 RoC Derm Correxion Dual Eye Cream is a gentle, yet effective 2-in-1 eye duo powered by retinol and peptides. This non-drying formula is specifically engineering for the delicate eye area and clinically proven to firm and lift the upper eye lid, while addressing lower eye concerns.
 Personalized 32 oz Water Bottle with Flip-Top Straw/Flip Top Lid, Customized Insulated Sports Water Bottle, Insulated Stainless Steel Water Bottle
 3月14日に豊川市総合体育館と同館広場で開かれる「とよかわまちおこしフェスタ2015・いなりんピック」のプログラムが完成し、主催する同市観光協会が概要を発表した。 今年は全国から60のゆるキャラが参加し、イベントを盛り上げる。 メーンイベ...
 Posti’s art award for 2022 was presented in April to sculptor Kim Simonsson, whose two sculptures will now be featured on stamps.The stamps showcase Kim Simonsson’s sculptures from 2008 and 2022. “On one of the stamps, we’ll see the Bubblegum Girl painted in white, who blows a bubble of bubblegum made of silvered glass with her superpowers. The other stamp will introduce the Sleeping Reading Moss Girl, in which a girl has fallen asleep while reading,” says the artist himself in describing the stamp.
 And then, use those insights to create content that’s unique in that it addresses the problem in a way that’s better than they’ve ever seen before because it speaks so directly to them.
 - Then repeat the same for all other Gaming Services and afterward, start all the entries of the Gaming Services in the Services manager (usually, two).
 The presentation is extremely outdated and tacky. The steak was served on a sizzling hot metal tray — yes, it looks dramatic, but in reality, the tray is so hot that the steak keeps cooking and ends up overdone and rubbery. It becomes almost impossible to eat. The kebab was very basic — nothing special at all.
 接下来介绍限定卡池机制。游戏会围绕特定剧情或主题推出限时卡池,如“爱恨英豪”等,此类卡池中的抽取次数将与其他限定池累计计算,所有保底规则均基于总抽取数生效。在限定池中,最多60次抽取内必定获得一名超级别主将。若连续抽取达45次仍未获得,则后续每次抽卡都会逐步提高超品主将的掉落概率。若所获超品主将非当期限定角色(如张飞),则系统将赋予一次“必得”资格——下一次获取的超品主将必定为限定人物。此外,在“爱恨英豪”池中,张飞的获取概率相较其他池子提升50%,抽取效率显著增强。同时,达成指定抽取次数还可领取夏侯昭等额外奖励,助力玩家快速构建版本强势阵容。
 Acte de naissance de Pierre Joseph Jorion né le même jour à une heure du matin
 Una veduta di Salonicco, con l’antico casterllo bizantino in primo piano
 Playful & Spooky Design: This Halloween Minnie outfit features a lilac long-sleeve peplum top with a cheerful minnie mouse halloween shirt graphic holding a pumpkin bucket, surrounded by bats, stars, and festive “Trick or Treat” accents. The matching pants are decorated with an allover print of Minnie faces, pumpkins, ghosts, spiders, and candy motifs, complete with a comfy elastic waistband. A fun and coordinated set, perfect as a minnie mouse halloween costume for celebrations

##########

• **Your assignment**: What lines in the listing include the string "This"? Copy them out.

• **Answer space**:
 RoC Derm Correxion Dual Eye Cream is a gentle, yet effective 2-in-1 eye duo powered by retinol and peptides. This non-drying formula is specifically engineering for the delicate eye area and clinically proven to firm and lift the upper eye lid, while addressing lower eye concerns.
 Playful & Spooky Design: This Halloween Minnie outfit features a lilac long-sleeve peplum top with a cheerful minnie mouse halloween shirt graphic holding a pumpkin bucket, surrounded by bats, stars, and festive “Trick or Treat” accents. The matching pants are decorated with an allover print of Minnie faces, pumpkins, ghosts, spiders, and candy motifs, complete with a comfy elastic waistband. A fun and coordinated set, perfect as a minnie mouse halloween costume for celebrations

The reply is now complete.